Daily Real Estate News | Monday, July 16, 2012
Texas ranks top as the most affordable housing market in the country, and record low interest rates on loans in recent weeks has pushed affordability even higher in the Lone Star State.
According to the Real Estate Center at Texas A&M University, a home buyer making $37,351 a year could likely qualify to buy a $150,000 home with a 30-year, 80 percent loan with a 4 percent interest rate.
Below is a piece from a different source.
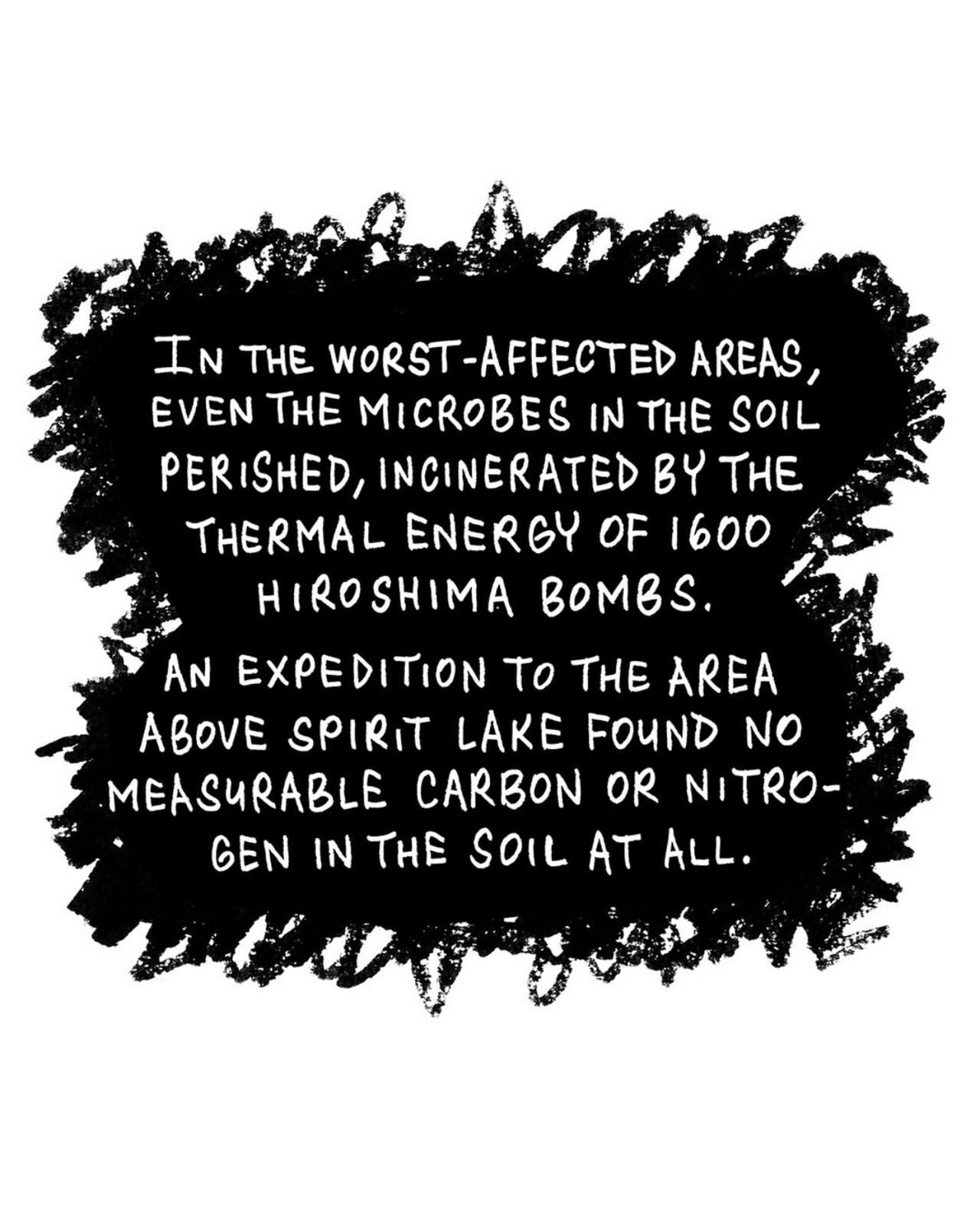 In the worst-affected areas, even the microbes in the soil perished, incinerated by the thermal energy of 1,600 Hiroshima bombs. An expedition to the area above Spirit Lake found no measurable carbon or nitrogen in the soil at all.

The monthly payments would be $572.90. In 1991, however, a home owner would have needed an annual income of $49,023 to qualify for the same loan, which would have carried an average interest rate of 9.64 percent.
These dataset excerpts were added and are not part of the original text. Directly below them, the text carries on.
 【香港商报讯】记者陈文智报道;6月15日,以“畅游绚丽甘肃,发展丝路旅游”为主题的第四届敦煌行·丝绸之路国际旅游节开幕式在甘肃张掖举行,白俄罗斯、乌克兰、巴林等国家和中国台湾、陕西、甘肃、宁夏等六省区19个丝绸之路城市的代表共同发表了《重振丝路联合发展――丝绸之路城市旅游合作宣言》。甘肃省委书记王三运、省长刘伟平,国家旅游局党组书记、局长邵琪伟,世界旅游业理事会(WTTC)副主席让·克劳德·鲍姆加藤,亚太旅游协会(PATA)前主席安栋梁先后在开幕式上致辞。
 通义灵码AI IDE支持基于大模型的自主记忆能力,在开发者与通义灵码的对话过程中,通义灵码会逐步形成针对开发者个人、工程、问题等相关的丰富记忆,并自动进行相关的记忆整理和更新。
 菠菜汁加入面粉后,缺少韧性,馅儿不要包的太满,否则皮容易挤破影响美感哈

“The home purchasing power of a dollar in income increases dramatically as interest rates fall,” says James Gaines, research economist with the Texas A&M Real Estate Center. “With an 80 percent loan at 10 percent interest, $1 of income buys about $3 of housing. At 7 percent, it buys $4 of housing. At 4 percent, it buys nearly $5.50.”
But while Texas ranks as the most affordable market now, housing experts say other states are gradually narrowing that gap. The national median home price dropped 25 percent from 2006 and 2011, according to Gaines. Meanwhile, Texas’ median home prices increased 4 percent in that period. Gaines says that Texas may see a decrease in its affordability as home prices begin to rise faster than incomes in some areas.